▶ [DATA RECORDS]
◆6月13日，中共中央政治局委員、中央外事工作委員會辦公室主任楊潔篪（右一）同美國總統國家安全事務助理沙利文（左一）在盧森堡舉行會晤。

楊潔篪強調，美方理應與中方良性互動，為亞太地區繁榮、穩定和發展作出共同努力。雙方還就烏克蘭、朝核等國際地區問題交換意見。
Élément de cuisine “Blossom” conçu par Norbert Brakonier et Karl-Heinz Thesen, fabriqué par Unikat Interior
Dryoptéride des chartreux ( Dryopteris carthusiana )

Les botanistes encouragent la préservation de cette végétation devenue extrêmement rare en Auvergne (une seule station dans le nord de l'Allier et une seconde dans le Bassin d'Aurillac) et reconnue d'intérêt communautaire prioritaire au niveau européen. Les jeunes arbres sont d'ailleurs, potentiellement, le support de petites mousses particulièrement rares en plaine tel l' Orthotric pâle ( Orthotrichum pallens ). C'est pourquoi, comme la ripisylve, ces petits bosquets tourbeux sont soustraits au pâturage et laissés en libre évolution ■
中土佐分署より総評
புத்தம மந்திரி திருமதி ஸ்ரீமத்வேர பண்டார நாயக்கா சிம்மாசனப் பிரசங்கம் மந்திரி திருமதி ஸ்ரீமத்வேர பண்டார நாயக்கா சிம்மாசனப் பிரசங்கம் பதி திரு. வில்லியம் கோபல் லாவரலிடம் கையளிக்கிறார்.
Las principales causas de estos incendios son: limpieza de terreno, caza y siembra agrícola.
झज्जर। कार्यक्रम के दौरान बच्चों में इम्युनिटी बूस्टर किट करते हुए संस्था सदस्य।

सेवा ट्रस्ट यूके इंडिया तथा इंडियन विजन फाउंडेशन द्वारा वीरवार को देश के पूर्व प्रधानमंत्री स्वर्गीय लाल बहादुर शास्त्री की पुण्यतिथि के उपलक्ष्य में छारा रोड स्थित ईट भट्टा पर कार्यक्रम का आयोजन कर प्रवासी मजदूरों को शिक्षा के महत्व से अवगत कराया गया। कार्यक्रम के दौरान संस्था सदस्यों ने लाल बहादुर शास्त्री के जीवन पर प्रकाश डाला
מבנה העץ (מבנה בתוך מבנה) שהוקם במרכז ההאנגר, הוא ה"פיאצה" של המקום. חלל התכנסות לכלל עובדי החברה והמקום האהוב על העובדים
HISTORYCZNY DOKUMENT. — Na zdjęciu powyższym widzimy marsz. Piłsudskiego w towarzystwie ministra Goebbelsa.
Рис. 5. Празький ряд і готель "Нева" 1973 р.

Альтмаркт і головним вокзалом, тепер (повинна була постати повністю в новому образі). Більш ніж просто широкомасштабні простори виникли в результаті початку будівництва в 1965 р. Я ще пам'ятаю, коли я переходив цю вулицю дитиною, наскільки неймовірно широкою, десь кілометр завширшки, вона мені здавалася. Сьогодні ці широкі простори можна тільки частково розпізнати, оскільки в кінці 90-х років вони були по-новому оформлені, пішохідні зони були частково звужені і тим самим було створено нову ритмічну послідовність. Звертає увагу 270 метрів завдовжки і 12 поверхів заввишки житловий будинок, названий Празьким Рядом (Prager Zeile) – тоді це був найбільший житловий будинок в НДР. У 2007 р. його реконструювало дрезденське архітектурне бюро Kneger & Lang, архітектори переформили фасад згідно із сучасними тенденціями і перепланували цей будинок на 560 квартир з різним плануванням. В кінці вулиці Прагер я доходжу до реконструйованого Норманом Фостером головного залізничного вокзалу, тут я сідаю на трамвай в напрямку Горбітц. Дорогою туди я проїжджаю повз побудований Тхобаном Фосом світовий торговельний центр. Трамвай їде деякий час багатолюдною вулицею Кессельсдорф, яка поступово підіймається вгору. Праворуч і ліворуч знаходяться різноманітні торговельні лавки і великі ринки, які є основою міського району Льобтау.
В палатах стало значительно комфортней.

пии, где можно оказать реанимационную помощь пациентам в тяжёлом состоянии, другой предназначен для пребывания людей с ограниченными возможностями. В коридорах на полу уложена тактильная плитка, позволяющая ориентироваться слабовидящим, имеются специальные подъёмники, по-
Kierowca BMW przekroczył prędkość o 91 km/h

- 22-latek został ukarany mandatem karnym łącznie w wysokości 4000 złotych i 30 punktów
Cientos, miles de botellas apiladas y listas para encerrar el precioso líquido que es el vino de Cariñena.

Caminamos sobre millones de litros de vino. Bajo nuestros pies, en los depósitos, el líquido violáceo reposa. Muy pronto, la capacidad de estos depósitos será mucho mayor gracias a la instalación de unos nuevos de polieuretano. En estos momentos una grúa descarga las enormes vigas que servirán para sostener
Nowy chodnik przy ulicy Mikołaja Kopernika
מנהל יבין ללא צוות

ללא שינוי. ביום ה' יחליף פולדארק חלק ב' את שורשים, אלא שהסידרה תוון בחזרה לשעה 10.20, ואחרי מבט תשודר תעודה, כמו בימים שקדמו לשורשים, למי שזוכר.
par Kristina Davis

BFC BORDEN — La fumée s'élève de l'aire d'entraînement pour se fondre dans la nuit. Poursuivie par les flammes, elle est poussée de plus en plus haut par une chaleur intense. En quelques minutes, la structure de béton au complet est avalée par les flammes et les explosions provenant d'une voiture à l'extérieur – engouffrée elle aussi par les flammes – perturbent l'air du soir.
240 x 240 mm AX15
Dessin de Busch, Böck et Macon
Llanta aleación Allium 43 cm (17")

▶ [EXERCISE DIRECTIONS] Begin with the line above that has "HISTORYCZNY DOKUMENT. —" and continue through the line that has "Cientos, miles de", setting each one down exactly. Stop there.

▶ [ANSWER]
HISTORYCZNY DOKUMENT. — Na zdjęciu powyższym widzimy marsz. Piłsudskiego w towarzystwie ministra Goebbelsa.
Рис. 5. Празький ряд і готель "Нева" 1973 р.

Альтмаркт і головним вокзалом, тепер (повинна була постати повністю в новому образі). Більш ніж просто широкомасштабні простори виникли в результаті початку будівництва в 1965 р. Я ще пам'ятаю, коли я переходив цю вулицю дитиною, наскільки неймовірно широкою, десь кілометр завширшки, вона мені здавалася. Сьогодні ці широкі простори можна тільки частково розпізнати, оскільки в кінці 90-х років вони були по-новому оформлені, пішохідні зони були частково звужені і тим самим було створено нову ритмічну послідовність. Звертає увагу 270 метрів завдовжки і 12 поверхів заввишки житловий будинок, названий Празьким Рядом (Prager Zeile) – тоді це був найбільший житловий будинок в НДР. У 2007 р. його реконструювало дрезденське архітектурне бюро Kneger & Lang, архітектори переформили фасад згідно із сучасними тенденціями і перепланували цей будинок на 560 квартир з різним плануванням. В кінці вулиці Прагер я доходжу до реконструйованого Норманом Фостером головного залізничного вокзалу, тут я сідаю на трамвай в напрямку Горбітц. Дорогою туди я проїжджаю повз побудований Тхобаном Фосом світовий торговельний центр. Трамвай їде деякий час багатолюдною вулицею Кессельсдорф, яка поступово підіймається вгору. Праворуч і ліворуч знаходяться різноманітні торговельні лавки і великі ринки, які є основою міського району Льобтау.
В палатах стало значительно комфортней.

пии, где можно оказать реанимационную помощь пациентам в тяжёлом состоянии, другой предназначен для пребывания людей с ограниченными возможностями. В коридорах на полу уложена тактильная плитка, позволяющая ориентироваться слабовидящим, имеются специальные подъёмники, по-
Kierowca BMW przekroczył prędkość o 91 km/h

- 22-latek został ukarany mandatem karnym łącznie w wysokości 4000 złotych i 30 punktów
Cientos, miles de botellas apiladas y listas para encerrar el precioso líquido que es el vino de Cariñena.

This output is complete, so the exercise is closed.